### Work task
Exact repetition of a range: find the line containing "РТС, кафе-шашлычная по" and the line containing "Force de traction de 6100 kg : Ce" in the material below, then repeat both and all lines between them, leaving pictures out.

### Entries supplied
+ + + +
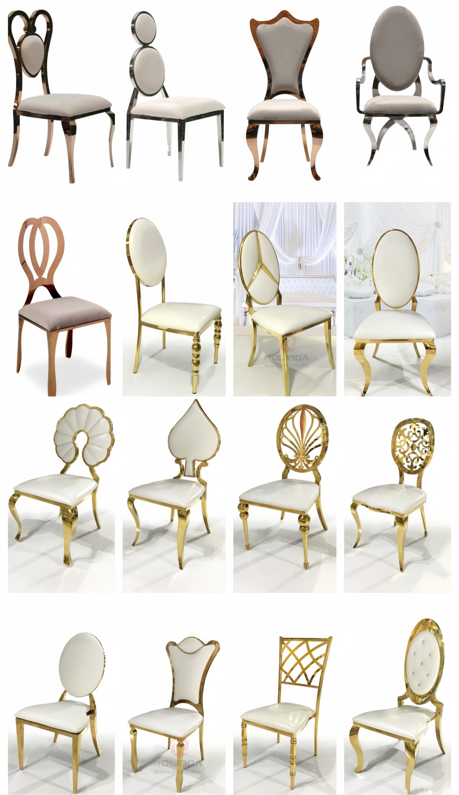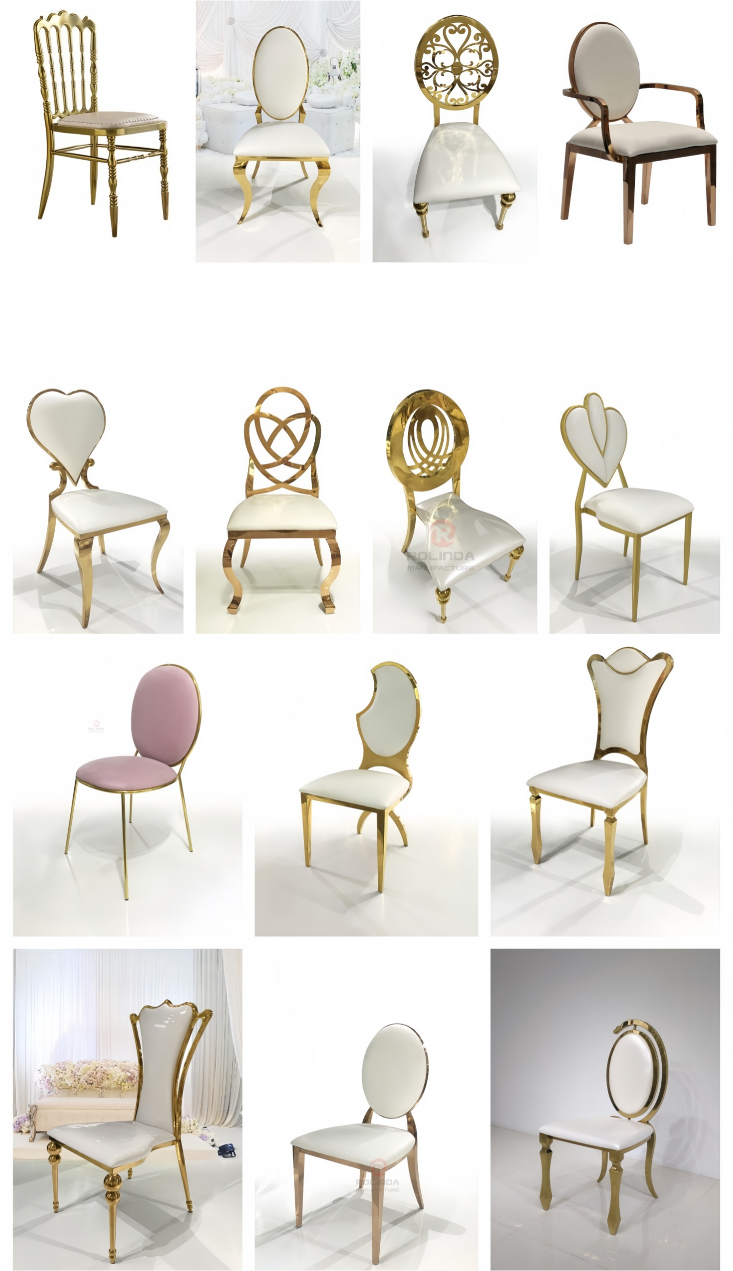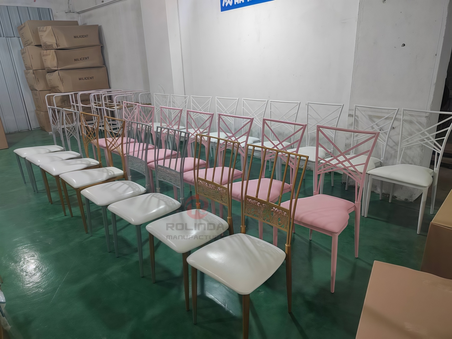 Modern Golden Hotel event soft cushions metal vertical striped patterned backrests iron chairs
+ + + +
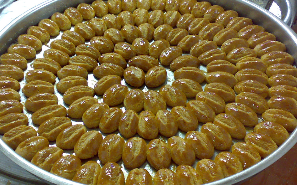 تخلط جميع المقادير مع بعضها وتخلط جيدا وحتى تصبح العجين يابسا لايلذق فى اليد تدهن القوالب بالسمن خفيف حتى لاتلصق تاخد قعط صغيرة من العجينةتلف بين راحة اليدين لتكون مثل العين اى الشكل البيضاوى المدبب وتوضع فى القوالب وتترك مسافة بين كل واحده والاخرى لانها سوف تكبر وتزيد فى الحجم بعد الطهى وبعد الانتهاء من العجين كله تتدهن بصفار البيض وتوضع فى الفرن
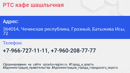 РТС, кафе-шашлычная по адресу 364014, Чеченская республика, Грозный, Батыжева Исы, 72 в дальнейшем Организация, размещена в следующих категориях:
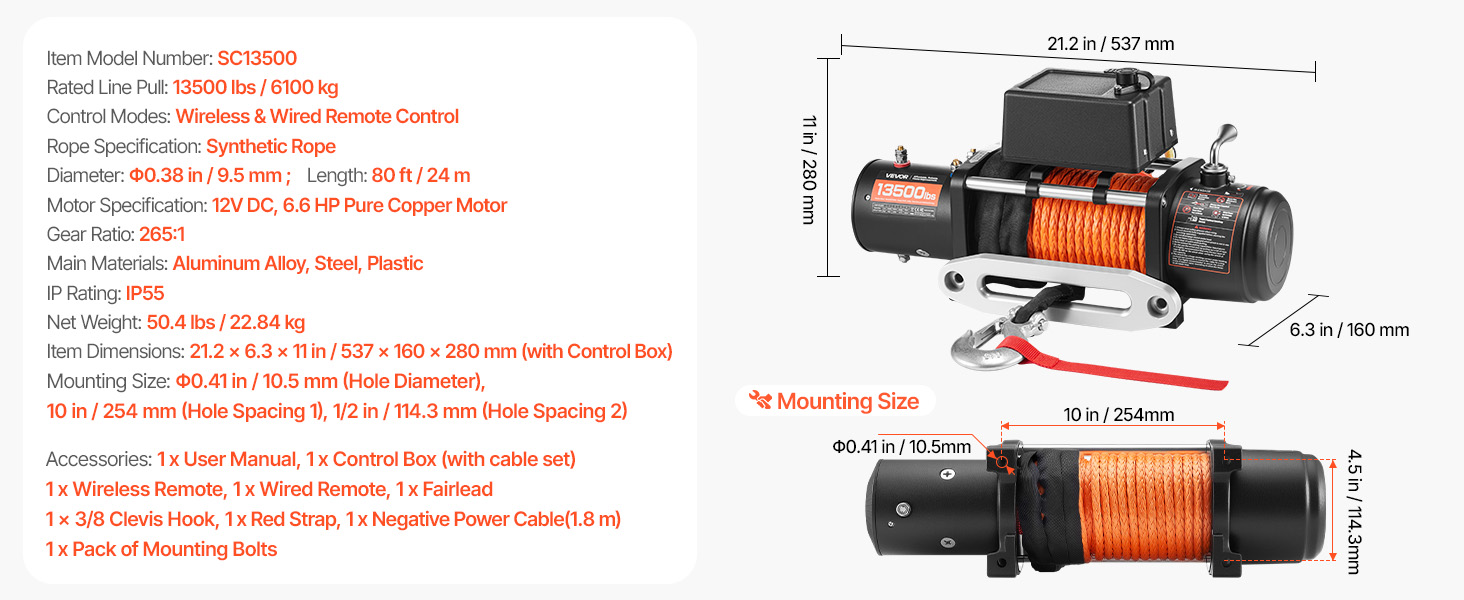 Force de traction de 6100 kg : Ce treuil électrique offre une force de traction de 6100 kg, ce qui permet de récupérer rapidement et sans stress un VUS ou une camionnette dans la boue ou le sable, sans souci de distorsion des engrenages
+ + + +
### Expected output
 РТС, кафе-шашлычная по адресу 364014, Чеченская республика, Грозный, Батыжева Исы, 72 в дальнейшем Организация, размещена в следующих категориях:
 Force de traction de 6100 kg : Ce treuil électrique offre une force de traction de 6100 kg, ce qui permet de récupérer rapidement et sans stress un VUS ou une camionnette dans la boue ou le sable, sans souci de distorsion des engrenages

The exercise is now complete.